Don’t get me wrong, this is what I signed up for, and I love what I do, but it’s frustrating. I’m a student too, remember? I only leave class for a bathroom break if I’m sitting in my seat, dancing and squirming. But alas, with age comes such common sense and appreciation for education, nonetheless a free education; one that they wont still be paying for well into their 50s. Then again… before I was paying for my own way, I let the periods pass me by in the bathrooms too. I used the same material, and I’ll bet you did too. 😉 Anything to get out of class! It’s actually hilarious to see how some things never change, how kids never change. As annoying as the consecutive bathroom trips are, as much as I can’t stand acting like a parrot from 8:12-3:05 everyday , I wouldn’t trade the job for anything. I love learning about their different personalities, seeing their different qualities. Getting to know their tricks, letting them think that none of their teachers talk; that we don’t all sit together at lunch and laugh about how they liter-uhhhh-lyy go to the bathroom every.single.period. It’s hysterical. You’ve got to find the humor in the frustration to stay sane.
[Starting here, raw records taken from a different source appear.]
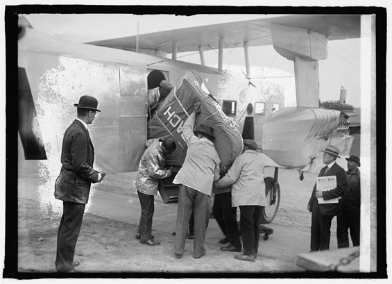The first two photos show the airplane off-loading PIANOS(!) at Bolling Field, Washington, DC. Below, one of the pianos is being lowered carefully from the narrow door of the airplane. With the packing and cushioning around it, the instrument was undoubtedly a tight fit through the door. These are glass plate negatives and I have left the borders around them for your enjoyment. The reason the pianos were delivered as freight is stated in the unsourced news article at right. One of the pianos was for Mrs. Coolidge, and will go to a community center in which Mrs. Coolidge was interested.
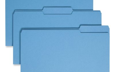 Colored File Folders, 1/3-Cut Tabs: Assorted, Legal Size, 0.75″ Expansion, Blue, 100/Box
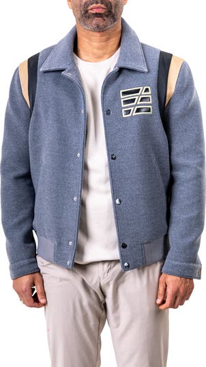 Lambskin-leather colorblocking at the shoulders puts a motorsports-inspired spin on this jacket cut from rich wool.
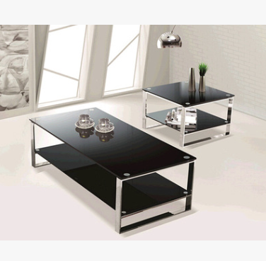 兆星現(xiàn)代簡約不銹鋼鋼化玻璃雙層茶幾客廳辦公室黑色玻璃茶幾
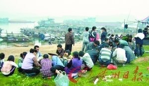 昨天下午4时许,记者在现场看到,300多名三水大塘的渔民聚集在北江边。此后,村民登上已等候在北江边的大船,乘船过江前往江河对面的大坑山墓群,那里就是林姓家族祖先墓穴之处。祭拜持续40分钟左右结束,随后村民乘船过江返回。
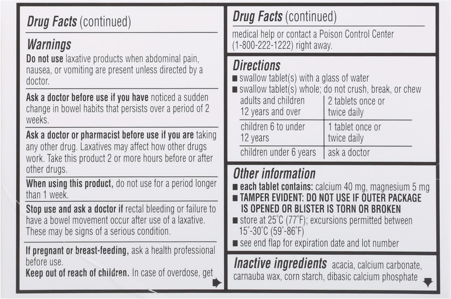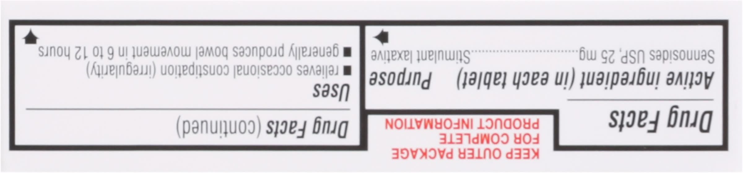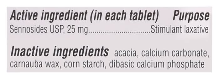 Ingredients: In Each Tablet Active Ingredients: Sennosides USP (25 mg), Stimulant Laxative. Inactive Ingredients: Acacia, Calcium Carbonate, Carnauba Wax, Corn Starch, Dibasic Calcium Phosphate, Shellac Glaze, Silicon Dioxide, Sodium Benzoate, Sodium Lauryl Sulfate, Sucrose, Talc, Titanium Dioxide. Additives: Inactive Ingredients: Acacia, Calcium Carbonate, Carnauba Wax, Corn Starch, Dibasic Calcium Phosphate, Shellac Glaze, Silicon Dioxide, Sodium Benzoate, Sodium Lauryl Sulfate, Sucrose, Talc, Titanium Dioxide.
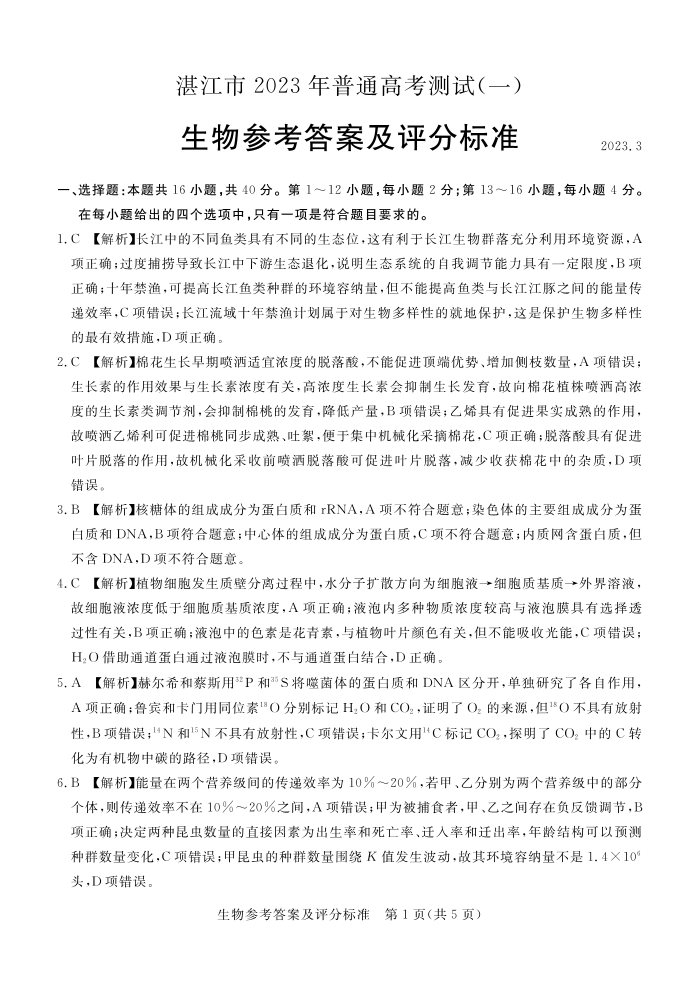 湛江市2023年普通高考测试(一)生物答案

We learn about the different cognitive stages in Child Development, but constant bathroom breaks isn’t mentioned in that course’s textbook. Nope, never received the bathroom memo. That’s why student teaching is such an amazing experience. You get to learn about all of these little tricks of the trade, you get to see it, hear it, and feel it for yourself. Every career should have such a rewarding preview of the next 40 years. Teaching yourself what they don’t teach you. They don’t teach you about those little things in Teacher-Ed. They don’t teach you that you use so much of your patience during the day that by the time you get home at 5:00, your boyfriend better not say anything stupid if he wants to eat dinner 😀

About Me

Hey Ya’ll, as my Southern-born Mama would say 😉 I’m Gwen. New Jersey native and proud. Never have I ever called it “New Joisey.”  Yes, I say “caw-fee,” “dawg,” and “tawk.” Yes, my Mama hates it. Sometimes I still wonder how she ended up all the way over in NJ anyway, but when she came, she was here to stay. After forty years of living here though, occasionally I’ll catch her sounding like a Jersey girl, too 😉 I mention my mom first because she is my true inspiration in life! All throughout my childhood, I knew that I was the product of one too many cocktails at a Bat Mitzvah party. My mom always had such a sweet way of saying I was a Big Old Oopsie Daisy, though. She called me her “miracle,” told me about Divine Purpose, Providence, Trust in God, and said since I was a little girl, that I was sent here on a mission.

If you’ve ever met my mom and my dad, you would say all four of us are miracles. The thought of them ever together is mind-blowing and baffling, but somehow, it happened. Anyway, after being brainwashed into believing that I was “The Chosen One,” I spent years trying to figure out how I would handle this huge responsibility. I knew I never wanted to be around sick people, so becoming a doctor was off the list. I hated math and science, so that eliminated saving the world, the planet, or protecting the O-Zone layer. Bearing my mission in mind, my mom suggested that I become a teacher because of how much I loved kids! “But teachers don’t make a lot of money, Mom!” I whined. “Hey, I said you were supposed to carry out a mission, I never said you were supposed to be a millionaire,” she told me.

And that was that. I decided to get a Master’s in Instructional Design and Technology at a school where I could simultaneously earn a Teacher’s Certification. I’m in the process of completing my student teaching experience and am loving it. Each day I run into new students, experiences, and situations that astonish and challenge me. “This is it,” I said to myself on the first day, so I have decided to document my experiences as I carry out my mission in life.